Mas, infelizmente, o órgão comandado pelo secretário de Transporte, Trânsito e Mobilidade Urbana, Rubens Rodrigues Borborema, prestou um desserviço ao trabalho de apuração do jornal ao mesmo tempo que colaborou para a fuga dos criminosos, que fugiram em direção ao viaduto da Dr. Barros Júnior, onde há câmeras instaladas. O diário da Baixada recebeu como resposta que não seria possível a cessão das imagens, exceto através de uma ordem judicial.

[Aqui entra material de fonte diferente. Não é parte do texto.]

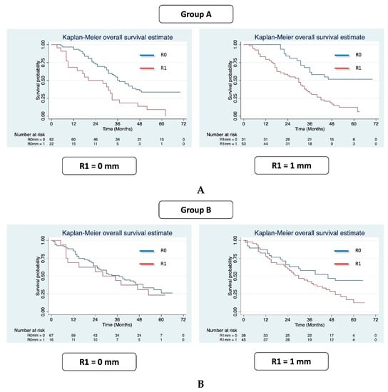 Figure 4A shows the OS Kaplan–Meier curves according to R status for each study group and for each clearance (0 and 1 mm). For group A, the median OS was 36 (31–46) months for R0 and 20 (9–33) months for R1 (HR 2.35; p = 0.007) using 0 mm clearance. When adopting 1 mm clearance, the median OS was not reached for R0 and was 30 (18–34) months (HR 3.55; p = 0.005) for R1 (Figure 4A).
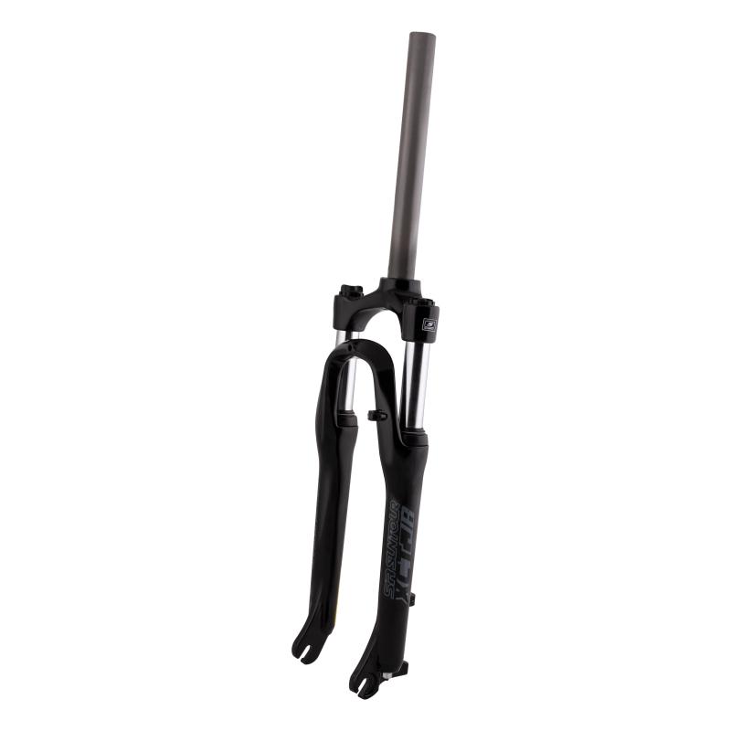 Odskočená vidlica so zdvihom 50 mm a reguláciou predpätia pružiny, vhodná pre detské bicykle s kotúčovými brzdami a priemerom stĺpika 1 1/8". zobraziť celý popis

Impressiona o fato da Conig adotar tal postura quando informa que o centro está integrado para dar uma “resposta imediata às ocorrências”, seja policial, acidentes naturais como deslizamentos e de trânsito. O Centro de Operações custou aos cofres do governo federal R$ 3,6 milhões, com contrapartida de R$ 700 mil da Prefeitura. No total são 76 câmeras espalhadas por pontos estratégicos, mas que funcionam mais como indústria de fabricar multa, ao monitorar 24 horas acidentes e infrações no trânsito, do que como sistema de segurança para registrar a ação da bandidagem.

“Esse Borborema deveria pegar todos os postes com câmeras de monitoramento e sentar em cima ou enfiar no olho do c…”, disse um motorista que já foi assaltado diversas vezes no Rancho Novo.